(Dataset items)
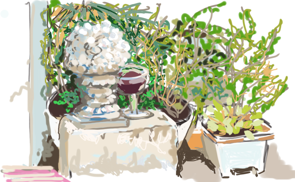 I found some more David Hockney short films and in one he was looking at cigarette butts on the floor and saying even they were beautiful. So I was inspired to get out my Kindle and draw my view from my doorstep. I started it 4 times as I wasn’t sure which angle to work from. I am pleased with the result.
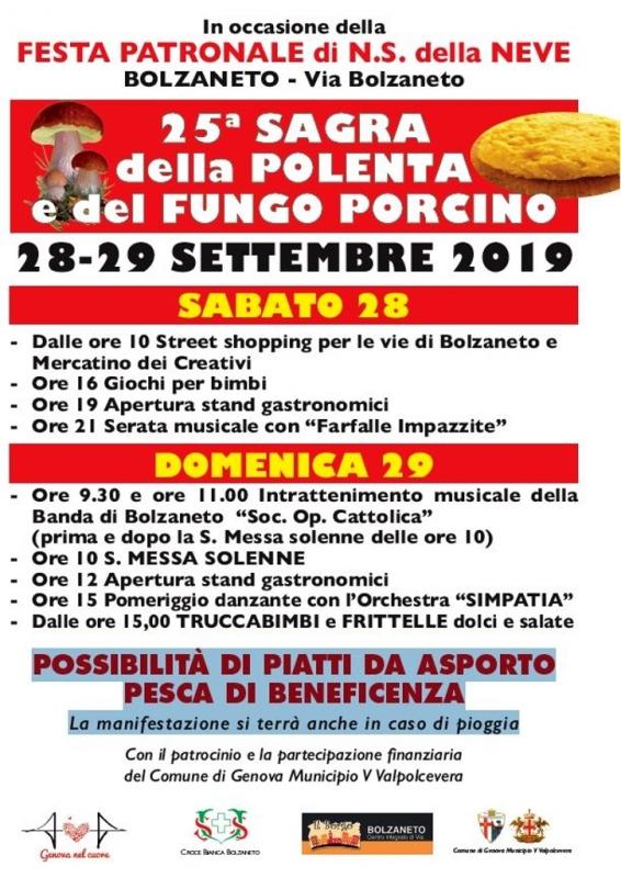 In occasione della Festa Patronale di N.S. della Neve a Bolzaneto, quartiere del Comune di Genova si svolge nei giorni 28 e 29 Settembre 2019 la 25a edizione della Sagra della Polenta e del Fungo Porcino.
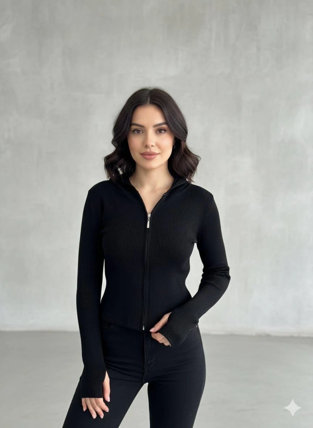 Parmak geçmeli hırka kaşkorse A3898, şıklığı ve rahatlığı bir arada sunar.
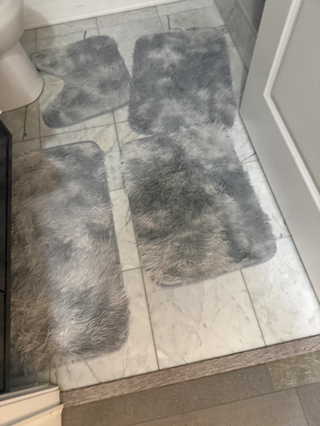 Set of three gray faux fur bath mats. Includes one contoured mat for around the toilet and two rectangular mats. Plush and soft for comfortable stepping.
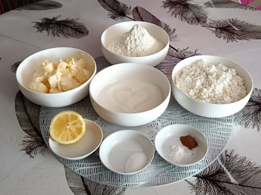 Заглянула в холодильник и взгляд упал на творог.Пора бы из него что то вкусненькое приготовить. Например творожное печенье в духовке. Нашла подходящий рецепт, подготовила все необходимые продукты и приступила к замесу теста.
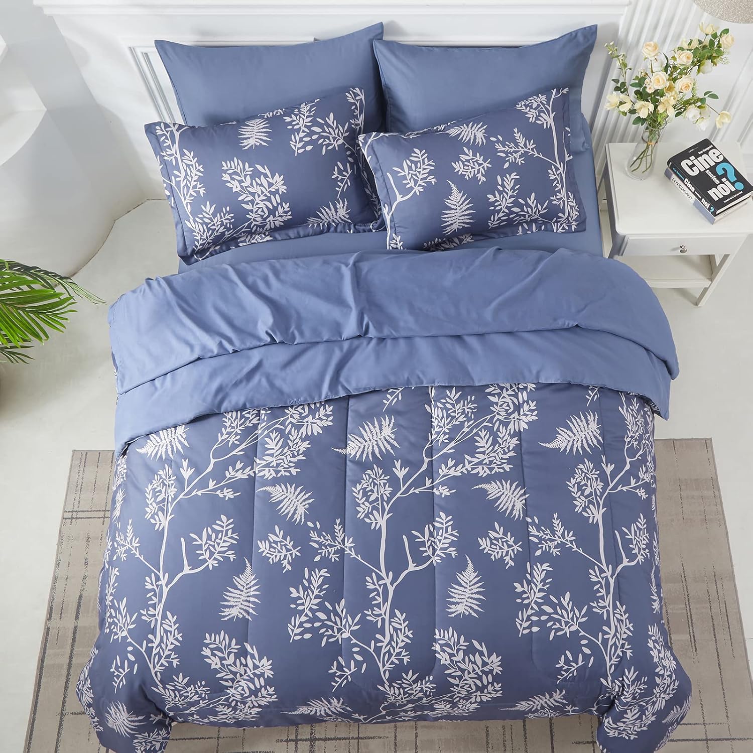 Yogeneg Botanical Queen Comforter Set,7 Piece Bed in a Bag,White Floral Leaves Print on Blue Reversible Design,Soft Microfiber Bedding Complete Set for All Season(Blue,Queen)
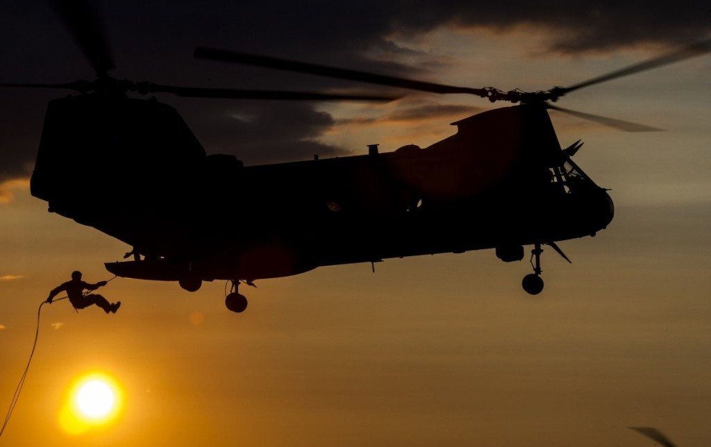 A US Marine assigned to Echo Company 4th Reconnaissance Battalion rappels out of a CH-46E Sea Knight helicopter at Camp Upshur, Marine Corps Base (MCB) Quantico Va., July 17, 2014. The training exercise was part of a week-long jump, dive, breach, and shooting package conducted around MCB Quantico.
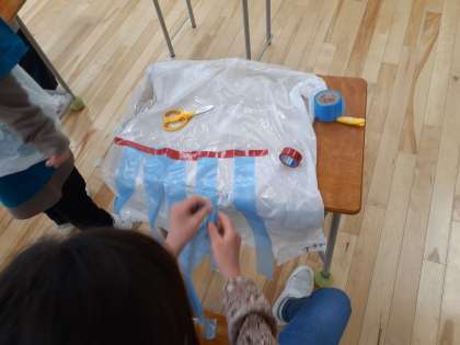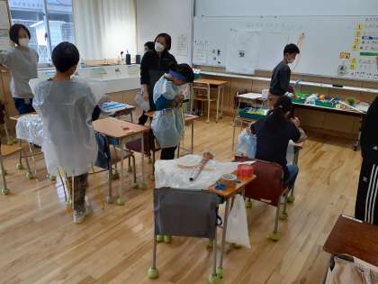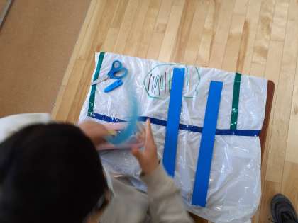 図工の時間です。みじかなもので大変身!忍者やヒーロー、自分が変身したいものを作っています。
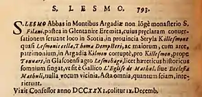 - The Latin reads as "....S. Lesmo, abbas in montibus Argadiae, non longe monasterio S. Filani, postea in Glentanire eremita, cujus praeclaram conversationem servant loca in Scotia; in provincia Stryla Killesmont, quasi Lesmonis cella Thomae Dempsteri ac majorum, cum arce, patrimonium; in Argadia Kilmon, corrupte pro Killesmon, prope Touuart; in Glascoensi agro Lesmohago, licet haereticus historicus somnium fingat, ut sit e Gallico “L’église de Mathul” sive ecclesia Mathuli, nulla vocum vicinia. Acta omnia, quantum sciam, interierunt. Vixit confessor anno DCCXXXI. Colitur ix. Decembris....". A good translation of this Latin is almost impossible. Skilful translation reads as "....St. Lesmo, Abbot in the mountains of Argadia not far from the monastery of St Filanus [St Fillan], afterwards a Hermit in Glen Tanar, whose outstanding way of life they preserve [i.e. commemorate] in Scotland, in the province of Stryla Killesmont, as if the cell of Lesmo, of Thomas Dempster, and the older people [or ancestors], with a ?high point/citadel, a patrimony, corrupted in Argadia (to) Kilmon, for Killesmon, near Tanar, in the territory of Glasgow, (called) Lesmohago, it is permitted for the heretic historian to create a dream, as is in French L’Eglise de Mathul, or the Church of Mathul, with no nearness of sounds, all his Acts [i.e. deeds, achievements], as much as I know, have perished. He lived, a Confessor, in the year 733.1. He is celebrated on December 9th....". Some of the self-references to Dempster (as writer) are confusing.
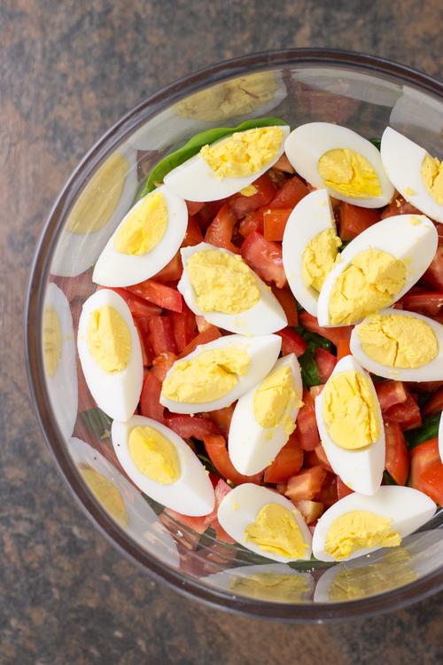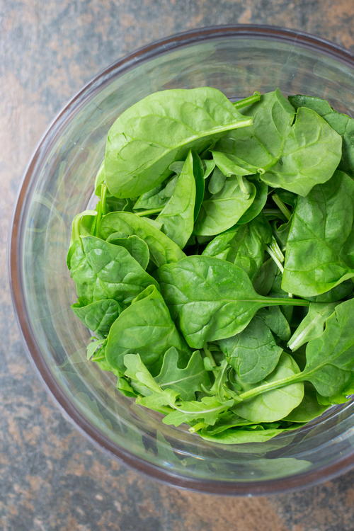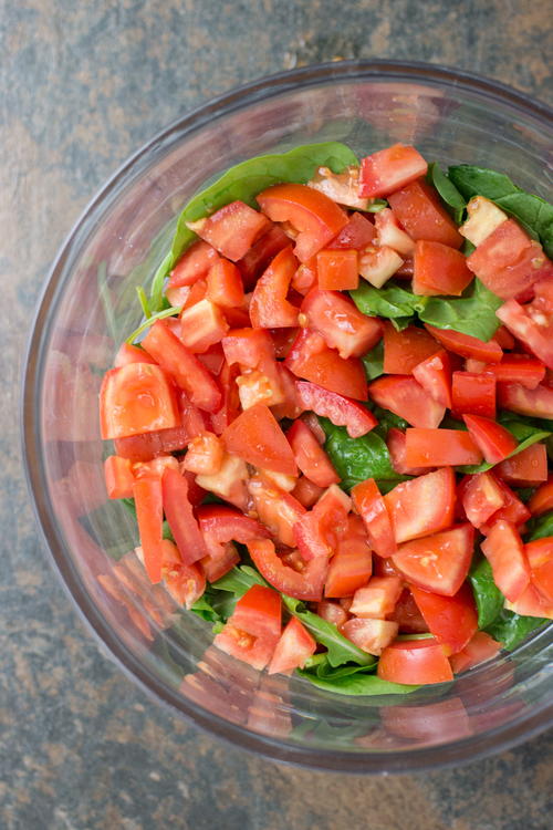 In a serving bowl, layer each of the seven ingredients starting with the spinach.
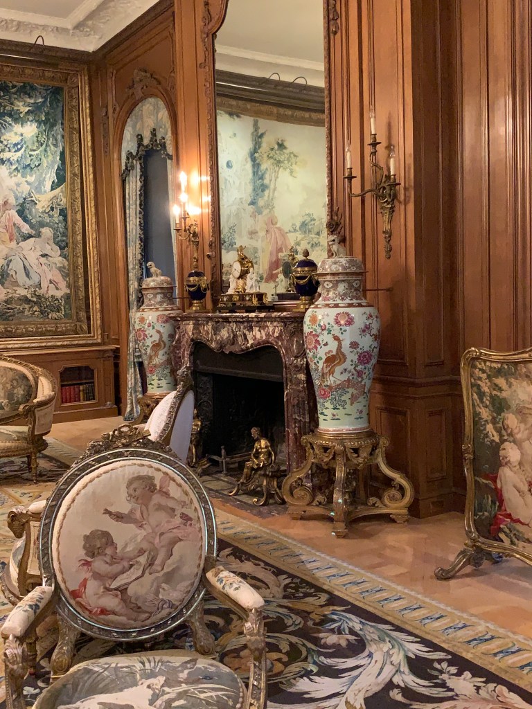 On the fireplace mantle was a beatiful French Louis XV Clock, Philiberts, decorated with two marble groups, Venus & Cupid. Large vases were placed on either side: 2 Chinese vases, very tall 50″ high & 2 vases by Clodion. In the Huntington’s day at this mansion, there would have been beautiful fragrant roses & flowers everywhere in this room. Always fresh flowers from the Ranch’s rose garden and Mrs. Huntington’s flower garden (located west of the Huntington tea room). Mrs. Huntington love fragrant roses & flowers especially pink & white. An impressive description tells the Royal French history of the Clodion vases: 2 marble vases by Clodion (1782) bought by Seligmann on Sept. 5, 1912 Paris Collection; late Baron Adolphe de Rothschild in Pregny (Switzerland). The vases were made for the Chateau de Versailles & they are known as the “Chef d’oeuvre of the Master.” The vases had an antique shape with sides that were two heads of rams & vine branches & medallions 3-4 personages, nymphs, & satyrs erecting a statue to god Pam, & signed & dated fauna & fauness pipe teaching children how to dance.
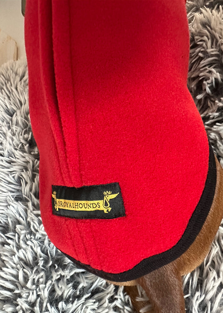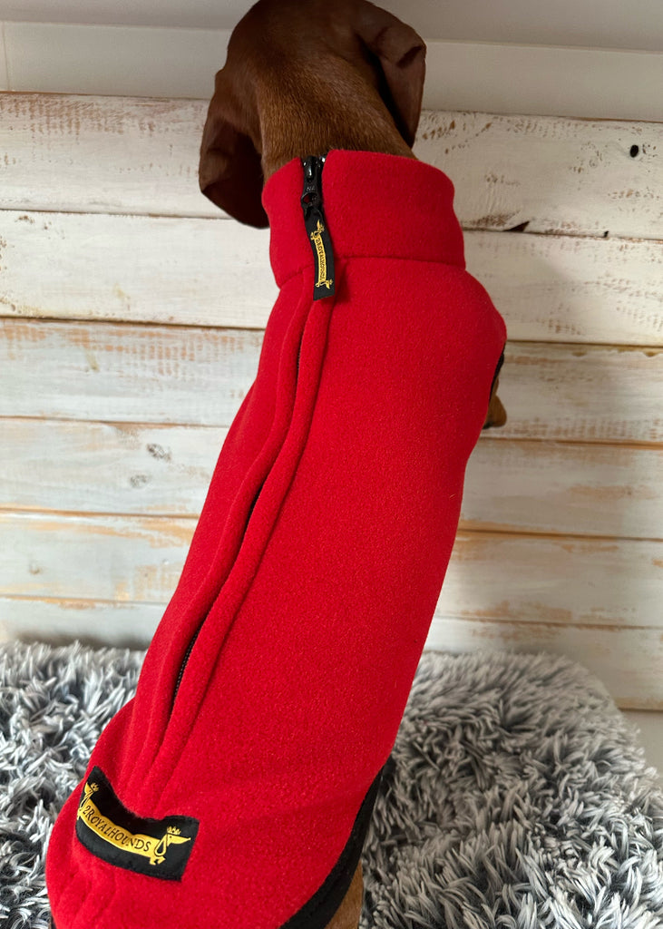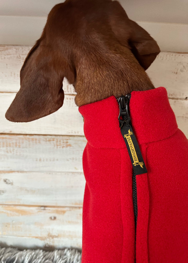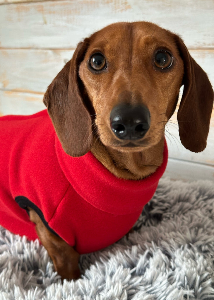 Speedway Red Polartec® Royal Fleece – A High-Energy Jumper for Speedy Dachshunds 🔥

- _Assignment_: Copy out the lines above unchanged. Skip the images.

- _Expected answer_:
 I found some more David Hockney short films and in one he was looking at cigarette butts on the floor and saying even they were beautiful. So I was inspired to get out my Kindle and draw my view from my doorstep. I started it 4 times as I wasn’t sure which angle to work from. I am pleased with the result.
 In occasione della Festa Patronale di N.S. della Neve a Bolzaneto, quartiere del Comune di Genova si svolge nei giorni 28 e 29 Settembre 2019 la 25a edizione della Sagra della Polenta e del Fungo Porcino.
 Parmak geçmeli hırka kaşkorse A3898, şıklığı ve rahatlığı bir arada sunar.
 Set of three gray faux fur bath mats. Includes one contoured mat for around the toilet and two rectangular mats. Plush and soft for comfortable stepping.
 Заглянула в холодильник и взгляд упал на творог.Пора бы из него что то вкусненькое приготовить. Например творожное печенье в духовке. Нашла подходящий рецепт, подготовила все необходимые продукты и приступила к замесу теста.
 Yogeneg Botanical Queen Comforter Set,7 Piece Bed in a Bag,White Floral Leaves Print on Blue Reversible Design,Soft Microfiber Bedding Complete Set for All Season(Blue,Queen)
 A US Marine assigned to Echo Company 4th Reconnaissance Battalion rappels out of a CH-46E Sea Knight helicopter at Camp Upshur, Marine Corps Base (MCB) Quantico Va., July 17, 2014. The training exercise was part of a week-long jump, dive, breach, and shooting package conducted around MCB Quantico.
 図工の時間です。みじかなもので大変身!忍者やヒーロー、自分が変身したいものを作っています。
 - The Latin reads as "....S. Lesmo, abbas in montibus Argadiae, non longe monasterio S. Filani, postea in Glentanire eremita, cujus praeclaram conversationem servant loca in Scotia; in provincia Stryla Killesmont, quasi Lesmonis cella Thomae Dempsteri ac majorum, cum arce, patrimonium; in Argadia Kilmon, corrupte pro Killesmon, prope Touuart; in Glascoensi agro Lesmohago, licet haereticus historicus somnium fingat, ut sit e Gallico “L’église de Mathul” sive ecclesia Mathuli, nulla vocum vicinia. Acta omnia, quantum sciam, interierunt. Vixit confessor anno DCCXXXI. Colitur ix. Decembris....". A good translation of this Latin is almost impossible. Skilful translation reads as "....St. Lesmo, Abbot in the mountains of Argadia not far from the monastery of St Filanus [St Fillan], afterwards a Hermit in Glen Tanar, whose outstanding way of life they preserve [i.e. commemorate] in Scotland, in the province of Stryla Killesmont, as if the cell of Lesmo, of Thomas Dempster, and the older people [or ancestors], with a ?high point/citadel, a patrimony, corrupted in Argadia (to) Kilmon, for Killesmon, near Tanar, in the territory of Glasgow, (called) Lesmohago, it is permitted for the heretic historian to create a dream, as is in French L’Eglise de Mathul, or the Church of Mathul, with no nearness of sounds, all his Acts [i.e. deeds, achievements], as much as I know, have perished. He lived, a Confessor, in the year 733.1. He is celebrated on December 9th....". Some of the self-references to Dempster (as writer) are confusing.
 In a serving bowl, layer each of the seven ingredients starting with the spinach.
 On the fireplace mantle was a beatiful French Louis XV Clock, Philiberts, decorated with two marble groups, Venus & Cupid. Large vases were placed on either side: 2 Chinese vases, very tall 50″ high & 2 vases by Clodion. In the Huntington’s day at this mansion, there would have been beautiful fragrant roses & flowers everywhere in this room. Always fresh flowers from the Ranch’s rose garden and Mrs. Huntington’s flower garden (located west of the Huntington tea room). Mrs. Huntington love fragrant roses & flowers especially pink & white. An impressive description tells the Royal French history of the Clodion vases: 2 marble vases by Clodion (1782) bought by Seligmann on Sept. 5, 1912 Paris Collection; late Baron Adolphe de Rothschild in Pregny (Switzerland). The vases were made for the Chateau de Versailles & they are known as the “Chef d’oeuvre of the Master.” The vases had an antique shape with sides that were two heads of rams & vine branches & medallions 3-4 personages, nymphs, & satyrs erecting a statue to god Pam, & signed & dated fauna & fauness pipe teaching children how to dance.
 Speedway Red Polartec® Royal Fleece – A High-Energy Jumper for Speedy Dachshunds 🔥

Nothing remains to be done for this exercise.